The following NodeJS code, when run (v16.8.0), logs 512 to stdout.

const crypto = require("crypto");
const { privateKey } = crypto.generateKeyPairSync("rsa", {
    modulusLength: 4096,
const sign = crypto.createSign("RSA-SHA256").update("somestringtosign");
const signature = sign.sign(privateKey);
console.log(signature.length); // logs 512

If I change the modulus length to 2048, then 256 is logged to standard out.

I guess this makes sense, as the RSA spec says: signature, an octet string of length k, where k is the length in octets of the RSA modulus n. So a 256 bit hash (SHA256), when signed with an RSA key with a 4096 bits modulus, has a 4096 bits (512 bytes) output.

Can the signature length in RS256 indeed be longer than 256, depending on the size of the RSA key used? Is it "weird" to use a modulus that is longer than the hash function used? I see various identity providers that sign JWTs indeed all use 2048 bits modulus, but that might be coincidental.

(I noticed the IETF spec for RS256 says: A key of size 2048 bits or larger MUST be used with these algorithms. so apparently a modulus of 4096 would be allowed by the spec`)

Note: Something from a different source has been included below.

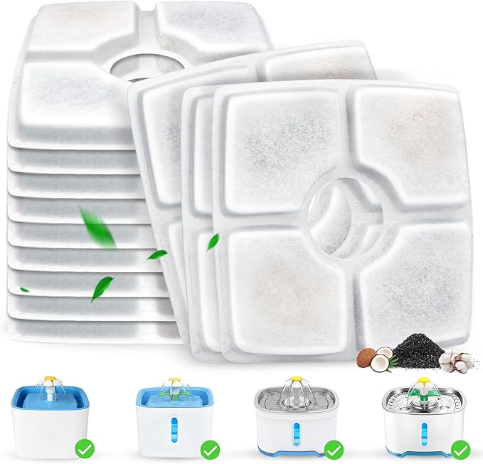 - 【12 Pack Filters Set】Beyolike premium cat fountain filters set includes 12 pcs replacement filters, triple filtration system square carbon filters for cat water fountain can effectively filters out food debris and pet hair, ensures fresh and clean drinking water for cat dog, keep your pet healthy.

Thanks to the comments and answers I now understand I asked the "wrong" question. I was (erroneously) expecting the length of the JWT's signature to equal the length of the hash digest produced by the hash algorithm (SHA256). I was therein confusing bits and bytes, because e.g SHA256 produces a digest of 256 bits (not bytes). The signature length I witnessed in my case was 256 bytes (not bits), which I now understand should equal the length of the public key's modulus (which indeed is the case as I was able to verify later).

  • 2
    $\begingroup$ Well, we have tons of questions about this. RSA signature needs padding to be secure that's RSA-PSS (search for RSA Probabilistic Signature Scheme). And also there is RSA-FDH (RSA-Full Domain Hash) signature and that is secure, too. In this case you need at least RSA-2048 and a hash function that can be output ~2047 bits like Shake128 of SHA3. $\endgroup$
    – kelalaka
    Commented Nov 1, 2021 at 12:30
  • 1
    $\begingroup$ SHA-256 is a 256-BIT hash = 32 bytes not 256 bytes. Most cryptographic data is described in bits not bytes, although PKCS1 (nd JOSE) only supports multiples of a byte (formally octet) of 8 bits. To be secure RSA modulus must be much bigger than is needed for the hash -- SHA-256 gives 128-bit strength but RSA-3072 is needed to match it (and some people do 4096 because it looks nicer). See keylength.com and many many dozen existing questions. $\endgroup$ Commented Nov 2, 2021 at 2:31
  • $\begingroup$ Thanks @dave_thompson_085! I edited and changed bytes to bit in the hash reference. $\endgroup$
    – Otto
    Commented Nov 2, 2021 at 7:19

1 Answer 1


Can the signature length in RS256 indeed be longer than 256, depending on the size of the RSA key used?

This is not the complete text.